Here, $lastmodule is a reference-to-array. Every time we add an entry to @MODULES (and these entries are references-to-array), we remember the last one we added. If we see a line that begins with whitespace, we can just say “oh, I need to add this information to the last module I saw”. This is a lot simpler than trying to implement lookahead.

Dependencies and Partially-Ordered Sets

The last thing I’ll note is that as currently implemented, @MODULES lists the modules in the order they must be built, but doesn’t say why that order is necessary.

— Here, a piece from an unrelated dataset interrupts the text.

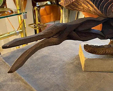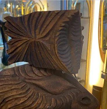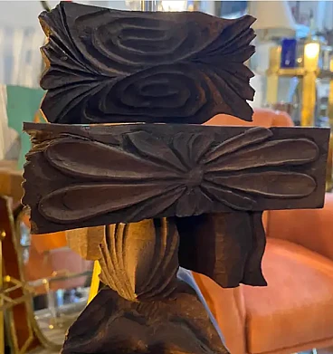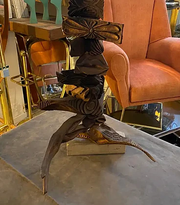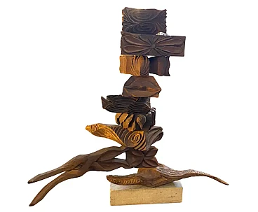 This sculpture is a contemporary, hand-carved wooden artwork from the 2000s. It features a series of intricately shaped wood blocks and organic forms stacked in a vertical arrangement. The unique design includes geometric and natural elements, giving it a dynamic and abstract appearance. The wood pieces vary in shape and texture, with some resembling folded fabric patterns and others featuring linear carvings, adding depth and contrast. The sculpture has a movable, allowing for slight adjustments in the positioning of the individual elements. It stands on a sturdy rectangular base, which grounds the entire structure. This combination of geometric shapes and natural motifs reflects a modern aesthetic, making it a compelling piece for a contemporary setting.

The order comes from the fact that certain modules depend on other modules. They form a partially-ordered set: there are many correct orders in which to build the modules, but they all share the characteristic that DBD is built before DBD::Oracle, that Mail is built before MIME::Tools, and so forth.

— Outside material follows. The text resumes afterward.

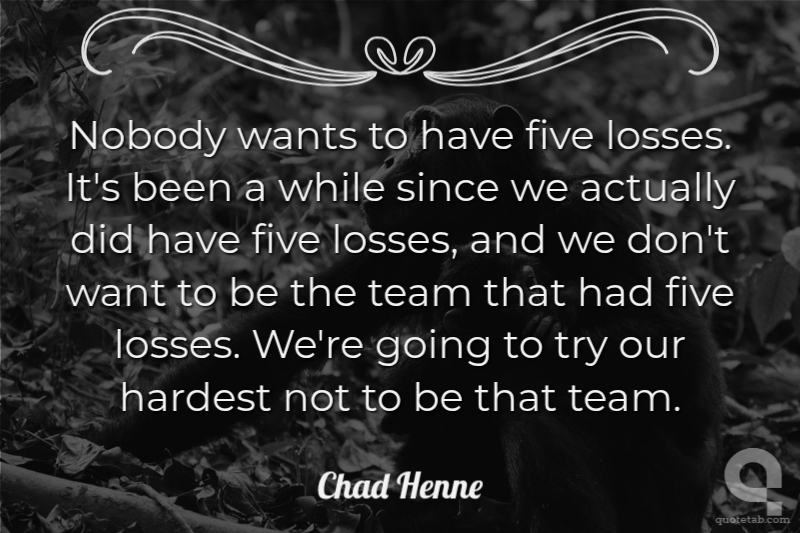 Nobody wants to have five losses. It's been a while since we actually did have five losses, and we don't want to be the team that had five losses. We're going to try our hardest not to be that team.

Since we talked about adding arbitrary qualifiers, above, it would be nice to add a “requires” qualifier. This would allow us to keep the list of modules in any order we liked, and also to have the machine figure out a right order so we humans don’t have to waste time doing so. It would also make these dependencies explicit.

(Aside: Yes, the Clever Thing would be to read the Makefile.PL for a module and see which dependencies it lists. But in the real world, module authors make mistakes and sometimes forget to list a dependency.)

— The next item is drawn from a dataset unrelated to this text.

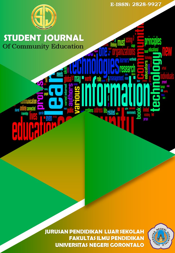 Abdullah, Pelia, ATA Ummyssalam Duludu, and Icam Sutisna. 2022. "Deskripsi Karakteristik Pembelajaran Orang Dewasa Pada Program Paket C Di SKB Kota Gorontalo." Student Journal of Comunitty Education 31-41.

Under this scheme, instead of keeping @MODULES as a list of modules to build, we can keep %MODULES, an unordered set. Instead of storing a two-element anonymous array with the module name and its qualifiers, we can just have the module name be the key of %MODULES, and the anonymous hash of qualifiers be the value.

To implement the partial ordering, we just need to remember which modules have been built so far. We can do this either by keeping a separate %built hash keyed by module name, or by adding a qualifier to the values in %MODULES: just $MODULES{"Foo"}->{"built"} = 1; after building module Foo.

Now the main loop of the program becomes clear: after constructing %MODULES, go through it and look for a module that a) has not been built yet, and b) has no unbuilt dependencies. Build it and mark it as built. Repeat until there are no more modules to build.